--- /dev/null
+<?xml version="1.0" encoding="iso-8859-1"?>
+<chapter id="sooner-faster-quicker">
+<title>Advice on: sooner, faster, smaller, thriftier</title>
+
+<para>Please advise us of other “helpful hints” that
+should go here!</para>
+
+<sect1 id="sooner">
+<title>Sooner: producing a program more quickly
+</title>
+
+<indexterm><primary>compiling faster</primary></indexterm>
+<indexterm><primary>faster compiling</primary></indexterm>
+
+ <variablelist>
+ <varlistentry>
+ <term>Don't use <option>-O</option> or (especially) <option>-O2</option>:</term>
+ <listitem>
+ <para>By using them, you are telling GHC that you are
+ willing to suffer longer compilation times for
+ better-quality code.</para>
+
+ <para>GHC is surprisingly zippy for normal compilations
+ without <option>-O</option>!</para>
+ </listitem>
+ </varlistentry>
+
+ <varlistentry>
+ <term>Use more memory:</term>
+ <listitem>
+ <para>Within reason, more memory for heap space means less
+ garbage collection for GHC, which means less compilation
+ time. If you use the <option>-Rghc-timing</option> option,
+ you'll get a garbage-collector report. (Again, you can use
+ the cheap-and-nasty <option>+RTS -Sstderr -RTS</option>
+ option to send the GC stats straight to standard
+ error.)</para>
+
+ <para>If it says you're using more than 20% of total
+ time in garbage collecting, then more memory would
+ help.</para>
+
+ <para>If the heap size is approaching the maximum (64M by
+ default), and you have lots of memory, try increasing the
+ maximum with the
+ <option>-M<size></option><indexterm><primary>-M<size>
+ option</primary></indexterm> option, e.g.: <command>ghc -c
+ -O -M1024m Foo.hs</command>.</para>
+
+ <para>Increasing the default allocation area size used by
+ the compiler's RTS might also help: use the
+ <option>-A<size></option><indexterm><primary>-A<size>
+ option</primary></indexterm> option.</para>
+
+ <para>If GHC persists in being a bad memory citizen, please
+ report it as a bug.</para>
+ </listitem>
+ </varlistentry>
+
+ <varlistentry>
+ <term>Don't use too much memory!</term>
+ <listitem>
+ <para>As soon as GHC plus its “fellow citizens”
+ (other processes on your machine) start using more than the
+ <emphasis>real memory</emphasis> on your machine, and the
+ machine starts “thrashing,” <emphasis>the party
+ is over</emphasis>. Compile times will be worse than
+ terrible!

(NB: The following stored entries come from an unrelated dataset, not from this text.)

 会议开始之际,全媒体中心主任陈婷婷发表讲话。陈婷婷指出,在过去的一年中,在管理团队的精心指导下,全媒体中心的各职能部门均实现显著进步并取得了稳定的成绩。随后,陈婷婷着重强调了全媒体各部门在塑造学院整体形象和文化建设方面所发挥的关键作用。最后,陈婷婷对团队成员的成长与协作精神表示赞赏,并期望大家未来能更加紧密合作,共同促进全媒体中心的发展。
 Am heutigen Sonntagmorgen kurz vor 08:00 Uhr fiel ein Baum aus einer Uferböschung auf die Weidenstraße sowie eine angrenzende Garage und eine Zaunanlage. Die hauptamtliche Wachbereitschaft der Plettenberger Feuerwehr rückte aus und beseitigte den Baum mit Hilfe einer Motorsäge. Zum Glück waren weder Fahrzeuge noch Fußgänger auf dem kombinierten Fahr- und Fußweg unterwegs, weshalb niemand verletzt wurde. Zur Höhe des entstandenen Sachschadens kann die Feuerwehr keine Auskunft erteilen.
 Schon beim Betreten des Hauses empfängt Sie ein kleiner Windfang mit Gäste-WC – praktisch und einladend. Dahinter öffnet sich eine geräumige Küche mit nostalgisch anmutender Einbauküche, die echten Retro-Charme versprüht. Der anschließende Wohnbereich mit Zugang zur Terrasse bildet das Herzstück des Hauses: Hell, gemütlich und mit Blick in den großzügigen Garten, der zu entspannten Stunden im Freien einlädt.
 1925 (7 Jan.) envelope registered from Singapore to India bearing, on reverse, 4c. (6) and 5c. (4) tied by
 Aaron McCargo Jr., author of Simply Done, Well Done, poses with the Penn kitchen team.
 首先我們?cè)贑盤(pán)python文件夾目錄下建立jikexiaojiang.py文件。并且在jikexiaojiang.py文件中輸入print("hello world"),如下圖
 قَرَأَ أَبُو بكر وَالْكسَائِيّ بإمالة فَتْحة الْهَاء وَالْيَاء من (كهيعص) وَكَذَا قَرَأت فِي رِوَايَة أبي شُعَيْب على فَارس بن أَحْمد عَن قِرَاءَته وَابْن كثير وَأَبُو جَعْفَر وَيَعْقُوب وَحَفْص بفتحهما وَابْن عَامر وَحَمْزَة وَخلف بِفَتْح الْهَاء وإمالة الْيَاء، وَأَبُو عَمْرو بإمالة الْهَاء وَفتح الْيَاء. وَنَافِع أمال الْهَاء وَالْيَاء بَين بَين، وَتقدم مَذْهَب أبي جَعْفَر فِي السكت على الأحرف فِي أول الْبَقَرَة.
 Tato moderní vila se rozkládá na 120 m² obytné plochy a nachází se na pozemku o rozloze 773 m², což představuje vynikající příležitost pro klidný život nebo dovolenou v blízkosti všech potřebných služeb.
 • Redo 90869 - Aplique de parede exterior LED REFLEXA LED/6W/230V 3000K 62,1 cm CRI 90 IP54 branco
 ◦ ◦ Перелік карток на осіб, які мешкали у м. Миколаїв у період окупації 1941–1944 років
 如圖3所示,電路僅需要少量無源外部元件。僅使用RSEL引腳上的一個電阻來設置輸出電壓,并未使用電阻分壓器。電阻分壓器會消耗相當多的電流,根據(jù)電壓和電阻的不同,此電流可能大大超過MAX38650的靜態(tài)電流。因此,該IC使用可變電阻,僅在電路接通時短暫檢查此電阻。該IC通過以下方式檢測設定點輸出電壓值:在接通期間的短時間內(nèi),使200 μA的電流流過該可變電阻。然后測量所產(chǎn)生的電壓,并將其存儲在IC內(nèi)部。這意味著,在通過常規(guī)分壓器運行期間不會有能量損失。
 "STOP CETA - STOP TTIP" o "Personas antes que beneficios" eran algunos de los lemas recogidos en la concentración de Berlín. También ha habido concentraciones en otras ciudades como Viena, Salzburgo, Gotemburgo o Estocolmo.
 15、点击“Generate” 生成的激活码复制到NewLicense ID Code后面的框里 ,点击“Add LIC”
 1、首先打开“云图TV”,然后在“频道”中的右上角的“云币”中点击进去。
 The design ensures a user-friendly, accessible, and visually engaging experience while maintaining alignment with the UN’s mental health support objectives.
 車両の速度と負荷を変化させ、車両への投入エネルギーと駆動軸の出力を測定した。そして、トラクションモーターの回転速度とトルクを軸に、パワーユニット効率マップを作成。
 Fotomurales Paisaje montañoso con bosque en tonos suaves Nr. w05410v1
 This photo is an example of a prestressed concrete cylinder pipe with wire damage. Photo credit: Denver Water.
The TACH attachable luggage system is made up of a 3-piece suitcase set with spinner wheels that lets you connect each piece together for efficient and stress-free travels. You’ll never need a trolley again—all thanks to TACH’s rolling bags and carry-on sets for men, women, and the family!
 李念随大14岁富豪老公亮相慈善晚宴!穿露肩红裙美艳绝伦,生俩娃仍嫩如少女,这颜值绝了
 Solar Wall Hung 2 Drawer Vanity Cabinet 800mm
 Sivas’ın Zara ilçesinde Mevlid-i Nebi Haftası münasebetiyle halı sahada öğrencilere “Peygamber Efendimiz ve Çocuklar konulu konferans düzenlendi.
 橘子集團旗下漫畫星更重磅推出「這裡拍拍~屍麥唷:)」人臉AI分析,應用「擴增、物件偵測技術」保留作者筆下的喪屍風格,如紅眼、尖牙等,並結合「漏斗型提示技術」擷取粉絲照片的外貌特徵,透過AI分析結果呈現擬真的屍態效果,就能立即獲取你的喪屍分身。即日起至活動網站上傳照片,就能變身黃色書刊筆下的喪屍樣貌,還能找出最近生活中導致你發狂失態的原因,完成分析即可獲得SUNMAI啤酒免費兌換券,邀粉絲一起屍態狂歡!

Use something like the csh-builtin
+ <command>time</command> command to get a report on how many
+ page faults you're getting.</para>
+
+ <para>If you don't know what virtual memory, thrashing, and
+ page faults are, or you don't know the memory configuration
+ of your machine, <emphasis>don't</emphasis> try to be clever
+ about memory use: you'll just make your life a misery (and
+ for other people, too, probably).</para>
+ </listitem>
+ </varlistentry>
+
+ <varlistentry>
+ <term>Try to use local disks when linking:</term>
+ <listitem>
+ <para>Because Haskell objects and libraries tend to be
+ large, it can take many real seconds to slurp the bits
+ to/from a remote filesystem.</para>
+
+ <para>It would be quite sensible to
+ <emphasis>compile</emphasis> on a fast machine using
+ remotely-mounted disks; then <emphasis>link</emphasis> on a
+ slow machine that had your disks directly mounted.</para>
+ </listitem>
+ </varlistentry>
+
+ <varlistentry>
+ <term>Don't derive/use <function>Read</function> unnecessarily:</term>
+ <listitem>
+ <para>It's ugly and slow.</para>
+ </listitem>
+ </varlistentry>
+
+ <varlistentry>
+ <term>GHC compiles some program constructs slowly:</term>
+ <listitem>
+ <para>Deeply-nested list comprehensions seem to be one such;
+ in the past, very large constant tables were bad,
+ too.</para>
+
+ <para>We'd rather you reported such behaviour as a bug, so
+ that we can try to correct it.</para>
+
+ <para>The part of the compiler that is occasionally prone to
+ wandering off for a long time is the strictness analyser.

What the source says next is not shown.